太宰府と文芸

和歌・俳句・詩・小説・紀行文など、太宰府を題材として取り扱った作品は数多く存在しています。それらの作品は、古い時代の太宰府の姿を教えてくれる手がかりともなり、作者の描写からは「太宰府」がどのようにイメージされているかを、知ることもできます。ここでは、太宰府ゆかりの文学作品について広く捉え、ご紹介します。(今後情報を追加する予定です)

夏目漱石(なつめそうせき)の太宰府俳句



  明治時代の文豪として知られる夏目漱石は、明治29年(1896)9月初旬に夫人と北部九州旅行をしており、太宰府へも足を運んでいます。3ヶ月前に結婚したばかりの夏目夫妻にとって、新婚旅行だったともいえる旅の途中、漱石は視界に捉えた風景を俳句にしています。漱石の目に太宰府の地はどのように映ったでしょうか。当地で作られた俳句をご紹介します。

太宰府天神 
     反橋の 小さく見ゆる 芙蓉(ふよう)哉(かな)

     「太宰府天神」は太宰府天満宮のことを指します。芙蓉は白または桃色の花を咲かせる植物ですが、ここで見たのは心字池にかかる鮮やかな朱色の反橋(太鼓橋)との対比が美しい、白色だったかもしれません。夫人を芙蓉に例えた句という見方もあります。

観世音寺 
     古りけりな 道風(とうふう)の額秋の風

    「道風の額」は、かつて観世音寺の南大門に存在した鳥居に掲げられていた額のことです。平安時代の能書家として有名な小野道風(おののとうふう)筆と伝わる寺号額で、現在実物は観世音寺宝蔵で展示されています。講堂には、江戸時代の儒学者・亀井南冥(かめいなんめい)がこの額を模写したものが掲げられています。

都府楼 
     鴫(しぎ)立つや 礎残る 事五十

     「都府楼」は古代の役所・大宰府政庁跡のことで、創建当時の壮大な規模を感じさせてくれる礎石は、明治23 年(1890)の調査で105 個残っていると数えられています。史跡整備前の物寂しい様子が、実際よりも数を少なく見せたようです。

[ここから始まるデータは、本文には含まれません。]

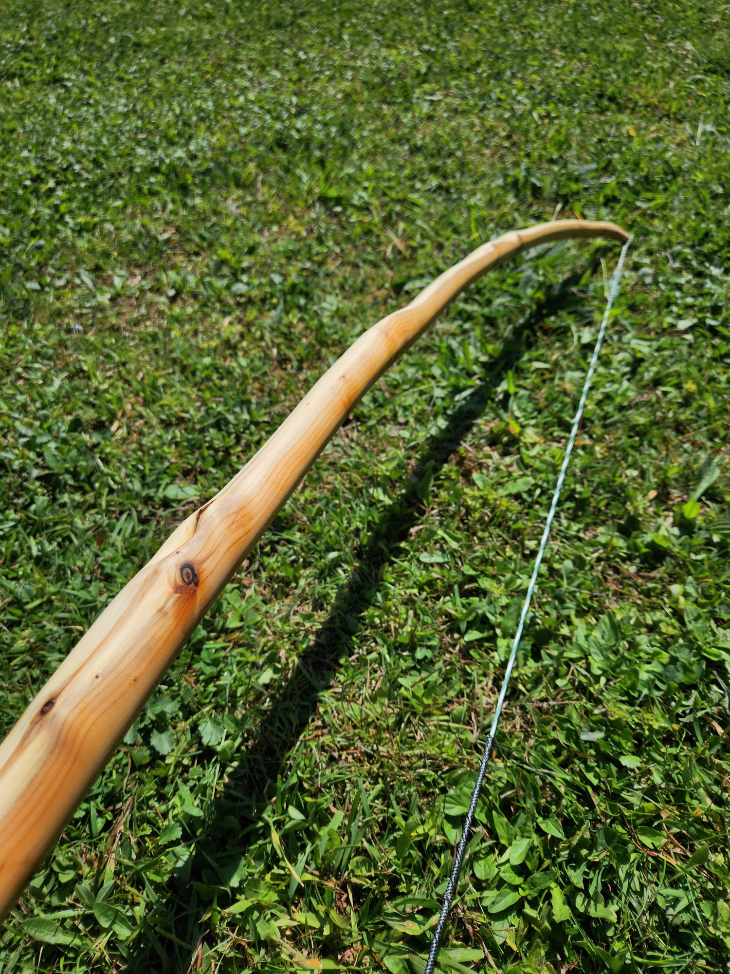 Den hab ich aus stark verasteter Garteneibe mit sehr dicken Jahresringen gebaut. Falls sich jemand erinnern kann: Ich hab vor einem guten Jahr mal gefragt ob bei übertrockneter Eibe das Kernholz trotzdem brauchbar ist. Der ist aus einem der Staves, die unter verdacht standen übertrocknet zu sein. Im Griff sieht man noch was vom Markkanal. Dadurch dass der Stamm recht dünn war, sind am Bogenbauch einige Äste zur Seite auslaufend zu sehen. Die Äste, die am Bogenrücken zu sehen sind, laufen deshalb aber nicht bis zum Bogenbauch durch. Somit hab ich beschlossen nichts auszubohren sondern einfach alle Stellen mit Totholz mit Epoxy zu füllen.

     漱石は旅路で作った俳句を、友人である俳人・正岡子規(まさおかしき)に送っており、子規は出来の良い句に丸や二重丸を加え、自身が記者でもあった新聞「日本」で取り上げています。反橋の句には二重丸がつき、漱石が滑稽味のある句を好んで作る一方、「雄健なるものは何処迄も雄健に真面目なるものは何処迄も真面目な」句も作る一例として紹介されました。